27 de enero de 2023
Directores
Juan Sebastián Giraldo Gutiérrez
Ximena Giraldo Quintero

¡AL FIN, JUSTICIA!

20 de enero de 2010

Al revocar la cuestionada decisión, el Consejo le devolvió a la doctora Ramírez la plenitud del goce de sus derechos políticos. Como se sabe, quienes son objeto de tal medida, políticamente quedan convertidos en ciudadanos de segunda clase, casi que limitados al ejercicio del voto, pero imposibilitados para aspirar y ejercer los más altos cargos de elección popular.

Para quienes hemos tenido conocimiento de la dura y bien cimentada brega del equipo legal que la acompañó en aquel viacrucis, nos resulta gratificante en grado especial la absolución de los cargos que le formulara un ilustre desconocido que, obrando con redomada mala fe, pretendió privar a la república de los servicios de esta mujer, sobradamente meritoria, proba y capaz, en las más altas responsabilidades públicas.

La decisión final repara en parte, en parte no más, los daños y  perjuicios causados con la querella y la determinación inicial, ligera e inicua, que la habían mancillado ante la opinión pública, aparte de haber provocado su renuncia al senado donde desempeñaba su función con altos índices de reconocimiento y de ocasionarle perjuicios económicos por los que nadie saldrá a responder. Es que los abogados, más si son buenos, cuestan.

La historia de la perversa trama legal produjo además el daño colateral para el país de tornarla inelegible para la terna reservada a la elección del Fiscal General de la Nación. Grave desde el punto de vista de los intereses públicos porque, entre todas las personalidades que han entrado y salido de la terna, era y es la mejor hoja de vida que se pudiera hallar a tal propósito.

Después de semejante bellaquería, lo único que queda claro es que el buen nombre y la buena fe de la doctora Ramírez han salido incólumes y reivindicada ella ante los compatriotas, muchos de ellos admiradores y seguidores suyos, como en mi caso, porque nuestros afectos políticos van mas allá de las encuestas, en las que formidablemente repuntó entre los precandidatos del conservatismo. O, ¿no se han dado cuenta que ya sobrepasó al doctor Arias Leyva?

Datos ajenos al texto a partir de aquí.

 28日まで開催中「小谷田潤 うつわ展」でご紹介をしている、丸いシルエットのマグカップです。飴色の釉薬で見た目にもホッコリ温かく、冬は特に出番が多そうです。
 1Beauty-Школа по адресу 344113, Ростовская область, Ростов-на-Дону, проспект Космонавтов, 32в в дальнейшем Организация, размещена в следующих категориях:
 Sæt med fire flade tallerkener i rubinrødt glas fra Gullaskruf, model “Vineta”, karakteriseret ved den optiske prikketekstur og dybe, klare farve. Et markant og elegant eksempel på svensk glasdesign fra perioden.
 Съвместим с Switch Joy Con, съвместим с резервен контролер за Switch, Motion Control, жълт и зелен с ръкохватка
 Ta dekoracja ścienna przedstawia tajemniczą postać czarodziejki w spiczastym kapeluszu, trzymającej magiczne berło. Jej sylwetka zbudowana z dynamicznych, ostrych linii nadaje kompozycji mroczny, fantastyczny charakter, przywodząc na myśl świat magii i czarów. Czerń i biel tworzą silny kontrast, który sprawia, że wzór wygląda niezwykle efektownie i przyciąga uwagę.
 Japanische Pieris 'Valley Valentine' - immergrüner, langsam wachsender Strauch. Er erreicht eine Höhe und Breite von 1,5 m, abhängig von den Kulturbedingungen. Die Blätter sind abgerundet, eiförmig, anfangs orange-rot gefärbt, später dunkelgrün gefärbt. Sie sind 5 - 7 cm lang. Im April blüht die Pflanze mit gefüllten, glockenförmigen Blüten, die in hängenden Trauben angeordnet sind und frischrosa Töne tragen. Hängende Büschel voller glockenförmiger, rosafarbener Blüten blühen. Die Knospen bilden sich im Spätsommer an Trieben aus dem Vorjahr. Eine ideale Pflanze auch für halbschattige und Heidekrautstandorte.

Mientras goce de vida y cabal salud, la doctora Martha Lucía seguirá jugando papel preponderante en la vida de la nación y sería un desperdicio imperdonable que no llegase a ser presidenta de Colombia, ahora o un tanto después, no importa, pero siempre prestando su eficaz concurso a la paz y el desarrollo, desde el lugar en donde sea convocada.

Tiro al aire: como a la política de Seguridad Democrática le están saliendo ahora tantos padrastros, bueno es recordarlo: sus padres legítimos fueron el presidente Uribe y su ministra de defensa Martha Lucía Ramírez. Como se den las cosas, esa podría ser la mejor fórmula 2010-2014.